The f statistics --- f2, f3, and f4 --- extract information about correlations between gene frequencies in different populations (or single diploid genome samples), which can be informative about patterns of gene flow between these populations in form of admixture events. If a graph is constructed as a hypothesis for the relationship between the populations, equations for the expected values of the f statistics can be extracted, as functions of edge lenghs --- representing genetic drift --- and admixture proportions.
This package provides functions for extracting these equations and for fitting them against computed f statistics. It does not currently provide functions for computing the f statistics --- for that we refer to the ADMIXTOOLS software package.
Below is a quick example of how the package can be used. The example uses data from polar bears and brown bears with a black bear as outgroup and is taken from Genomic evidence of geographically widespread effect of gene flow from polar bears into brown bears.
The BLK sample is the black bear, the PB sample is a polar bear, and the rest are brown bears.
I have taken the f statistics from Table 1 in the paper:
data(bears)
bears
#> W X Y Z D Z.value
#> 1 BLK PB Sweden Adm1 0.1258 12.8
#> 2 BLK PB Kenai Adm1 0.0685 5.9
#> 3 BLK PB Denali Adm1 0.0160 1.3
#> 4 BLK PB Sweden Adm2 0.1231 12.2
#> 5 BLK PB Kenai Adm2 0.0669 6.1
#> 6 BLK PB Denali Adm2 0.0139 1.1
#> 7 BLK PB Sweden Bar 0.1613 14.7
#> 8 BLK PB Kenai Bar 0.1091 8.9
#> 9 BLK PB Denali Bar 0.0573 4.3
#> 10 BLK PB Sweden Chi1 0.1786 17.7
#> 11 BLK PB Kenai Chi1 0.1278 11.3
#> 12 BLK PB Denali Chi1 0.0777 6.4
#> 13 BLK PB Sweden Chi2 0.1819 18.3
#> 14 BLK PB Kenai Chi2 0.1323 12.1
#> 15 BLK PB Denali Chi2 0.0819 6.7
#> 16 BLK PB Sweden Denali 0.1267 14.3
#> 17 BLK PB Kenai Denali 0.0571 5.6
#> 18 BLK PB Sweden Kenai 0.0719 9.6
The D
column is the f4(W,X;Y,Z) statistic and the Z
column is the Z-values obtained from a blocked jacknife (see Patterson et al. for details).
From the statistics we can see that the ABC bears (Adm, Bar and Chi) are closer related to the polar bears compared to the other brown bears.

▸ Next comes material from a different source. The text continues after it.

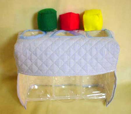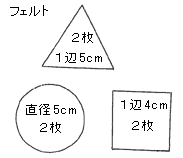 型抜きパズルの作り方 1. 材料 フェルト・・・赤、黄、緑 各10×16cm 綿 刺繍糸 キルティング・・・42×36cm バイアステープ 平ゴム・・・25cm ペットボトル1リットル角型・・・3本 透明ガムテープ ※ペットボトルは種類によってサイズが異なるかもしれません。 ここでは、「お〜い!お茶」の1リットルペットボトルで作成しています。 2. 型紙イメージ 3. 作り方 !!!ペットボトルを切るときは怪我のないよう充分注意しましょう!!! フェルトで型○△□を作る。 フェルトを組み合わせ、まつりぬいをする。 綿を詰めて、縫い閉じる。 △と□の側面の角になるところは、縫い目でなくてもまつりぬいをする。 キルティングでカバーを作る。 ○△□を切り抜き、切り口をバイアステープでくるむ。 前面の裾を1cm内側に折って縫う。 A-A’,B-B’,C-C’をあわせて縫う。(縫い代1cm)左側も同様に。 側面・後面の裾を1cm内側に折って縫う。 側面の裾に平ゴムを渡して、縫い付ける。 ペットボトルを組み立てる。 ペットボトルの上部を切り落とす。(下から19cm) ペットボトルの前面、後面(図の赤の部分)に切り込みを入れる。線が太くなっている部分は切り落とす。 前面を内側に折りこみ、突起部分を折り曲げて後面の切りこみに差し込む。(これで傾斜が固定される。) 同じものを3個作り、透明ガムテープなどで貼り合せる。 切り口は危ないのでテープで覆う。 カバーをペットボトルにかぶせ、ゴムをかけて固定する。
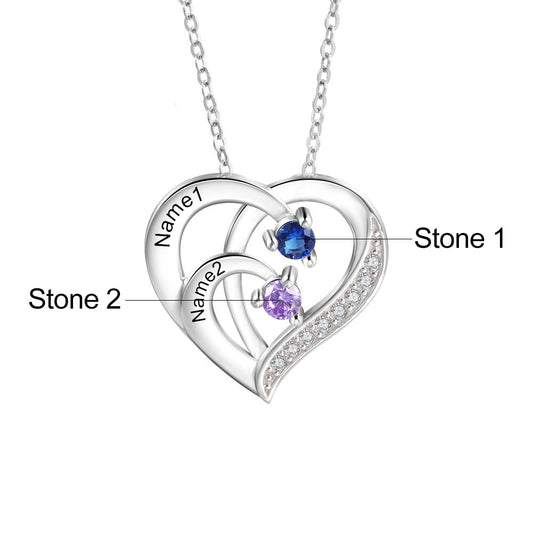 純度92.5%スターリングシルバー誕生石装飾と名前刻印のカスタム ハート型ペンダントネックレス

The paper explains this with gene flow from polar bears into the ABC bears and going further out from there, but we can also explain this by several waves of admixture from ancestral polar bears into brown bears:
leaves <- c("BLK", "PB",
"Bar", "Chi1", "Chi2", "Adm1", "Adm2",
"Denali", "Kenai", "Sweden")
inner_nodes <- c("R", "PBBB",
"Adm", "Chi", "BC", "ABC",
"x", "y", "z",
"pb_a1", "pb_a2", "pb_a3", "pb_a4",
"bc_a1", "abc_a2", "x_a3", "y_a4")
edges <- parent_edges(c(edge("BLK", "R"),
edge("PB", "pb_a1"),
edge("pb_a1", "pb_a2"),
edge("pb_a2", "pb_a3"),
edge("pb_a3", "pb_a4"),
edge("pb_a4", "PBBB"),
edge("Chi1", "Chi"),
edge("Chi2", "Chi"),
edge("Chi", "BC"),
edge("Bar", "BC"),
edge("BC", "bc_a1"),
edge("Adm1", "Adm"),
edge("Adm2", "Adm"),
admixture_edge("bc_a1", "pb_a1", "ABC", "a"),
edge("Adm", "ABC"),
edge("ABC", "abc_a2"),
admixture_edge("abc_a2", "pb_a2", "x", "b"),
edge("Denali", "x"),
edge("x", "x_a3"),
admixture_edge("x_a3", "pb_a3", "y", "c"),
edge("Kenai", "y"),
edge("y", "y_a4"),
admixture_edge("y_a4", "pb_a4", "z", "d"),
edge("Sweden", "z"),
edge("z", "PBBB"),
edge("PBBB", "R")))
bears_graph <- agraph(leaves, inner_nodes, edges)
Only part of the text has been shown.